- SUPPLIED INFORMATION:
○ ○ ○ ○ ○ ○ ○
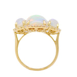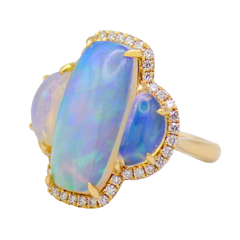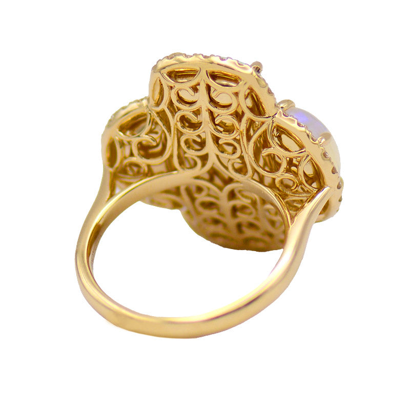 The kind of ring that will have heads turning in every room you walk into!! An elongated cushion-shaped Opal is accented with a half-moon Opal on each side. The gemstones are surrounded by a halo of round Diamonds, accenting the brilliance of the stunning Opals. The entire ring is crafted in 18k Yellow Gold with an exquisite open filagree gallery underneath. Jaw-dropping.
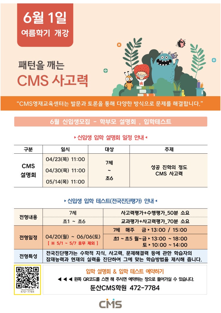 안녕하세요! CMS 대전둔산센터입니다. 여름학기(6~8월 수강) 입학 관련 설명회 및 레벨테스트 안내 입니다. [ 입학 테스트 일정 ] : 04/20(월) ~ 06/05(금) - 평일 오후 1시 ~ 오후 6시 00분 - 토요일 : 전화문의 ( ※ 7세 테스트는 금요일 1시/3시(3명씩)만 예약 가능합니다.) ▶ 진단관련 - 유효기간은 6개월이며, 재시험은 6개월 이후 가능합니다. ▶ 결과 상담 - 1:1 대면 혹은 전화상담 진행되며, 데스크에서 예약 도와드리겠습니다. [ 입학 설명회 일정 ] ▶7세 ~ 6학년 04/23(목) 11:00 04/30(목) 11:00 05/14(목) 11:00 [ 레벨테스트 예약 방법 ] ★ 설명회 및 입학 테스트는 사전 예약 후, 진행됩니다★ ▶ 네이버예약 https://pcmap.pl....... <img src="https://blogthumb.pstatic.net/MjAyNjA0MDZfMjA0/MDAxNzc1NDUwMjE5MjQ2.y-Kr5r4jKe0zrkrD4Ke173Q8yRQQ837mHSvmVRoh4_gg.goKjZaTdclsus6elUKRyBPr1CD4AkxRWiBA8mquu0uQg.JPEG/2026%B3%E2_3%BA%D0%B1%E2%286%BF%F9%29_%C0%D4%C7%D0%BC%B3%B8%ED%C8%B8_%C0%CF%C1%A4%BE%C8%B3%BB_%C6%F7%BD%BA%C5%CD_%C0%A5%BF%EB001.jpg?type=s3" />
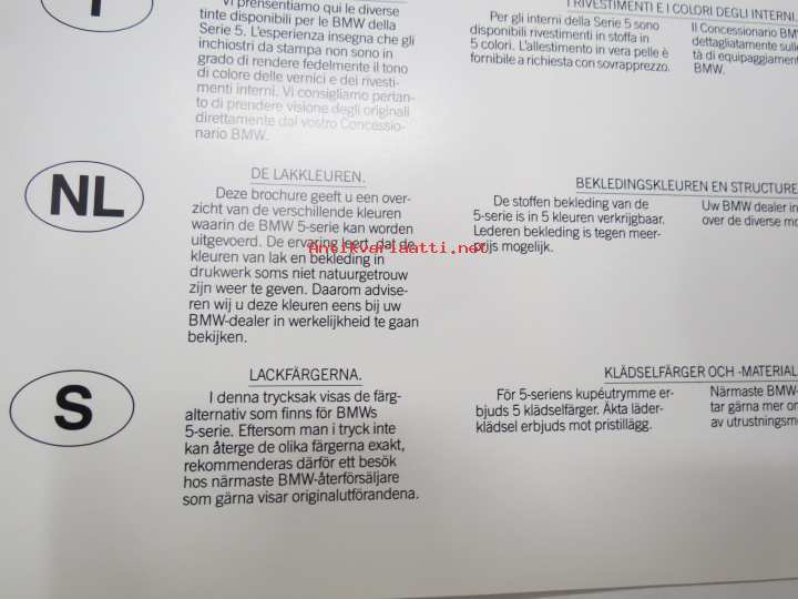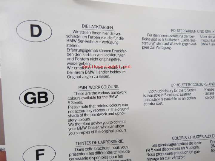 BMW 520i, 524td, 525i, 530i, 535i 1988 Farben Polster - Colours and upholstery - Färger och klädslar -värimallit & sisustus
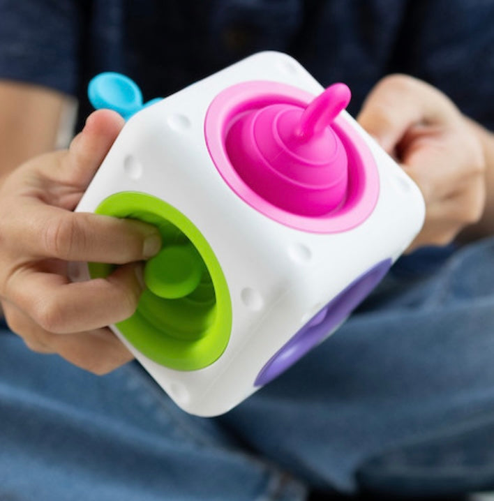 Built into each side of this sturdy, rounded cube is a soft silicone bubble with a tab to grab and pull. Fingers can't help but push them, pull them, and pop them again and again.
○ ○ ○ ○ ○ ○ ○
Each line of the material above should be set down exactly, with no pictures.

 The kind of ring that will have heads turning in every room you walk into!! An elongated cushion-shaped Opal is accented with a half-moon Opal on each side. The gemstones are surrounded by a halo of round Diamonds, accenting the brilliance of the stunning Opals. The entire ring is crafted in 18k Yellow Gold with an exquisite open filagree gallery underneath. Jaw-dropping.
 안녕하세요! CMS 대전둔산센터입니다. 여름학기(6~8월 수강) 입학 관련 설명회 및 레벨테스트 안내 입니다. [ 입학 테스트 일정 ] : 04/20(월) ~ 06/05(금) - 평일 오후 1시 ~ 오후 6시 00분 - 토요일 : 전화문의 ( ※ 7세 테스트는 금요일 1시/3시(3명씩)만 예약 가능합니다.) ▶ 진단관련 - 유효기간은 6개월이며, 재시험은 6개월 이후 가능합니다. ▶ 결과 상담 - 1:1 대면 혹은 전화상담 진행되며, 데스크에서 예약 도와드리겠습니다. [ 입학 설명회 일정 ] ▶7세 ~ 6학년 04/23(목) 11:00 04/30(목) 11:00 05/14(목) 11:00 [ 레벨테스트 예약 방법 ] ★ 설명회 및 입학 테스트는 사전 예약 후, 진행됩니다★ ▶ 네이버예약 https://pcmap.pl....... <img src="https://blogthumb.pstatic.net/MjAyNjA0MDZfMjA0/MDAxNzc1NDUwMjE5MjQ2.y-Kr5r4jKe0zrkrD4Ke173Q8yRQQ837mHSvmVRoh4_gg.goKjZaTdclsus6elUKRyBPr1CD4AkxRWiBA8mquu0uQg.JPEG/2026%B3%E2_3%BA%D0%B1%E2%286%BF%F9%29_%C0%D4%C7%D0%BC%B3%B8%ED%C8%B8_%C0%CF%C1%A4%BE%C8%B3%BB_%C6%F7%BD%BA%C5%CD_%C0%A5%BF%EB001.jpg?type=s3" />
 BMW 520i, 524td, 525i, 530i, 535i 1988 Farben Polster - Colours and upholstery - Färger och klädslar -värimallit & sisustus
 Built into each side of this sturdy, rounded cube is a soft silicone bubble with a tab to grab and pull. Fingers can't help but push them, pull them, and pop them again and again.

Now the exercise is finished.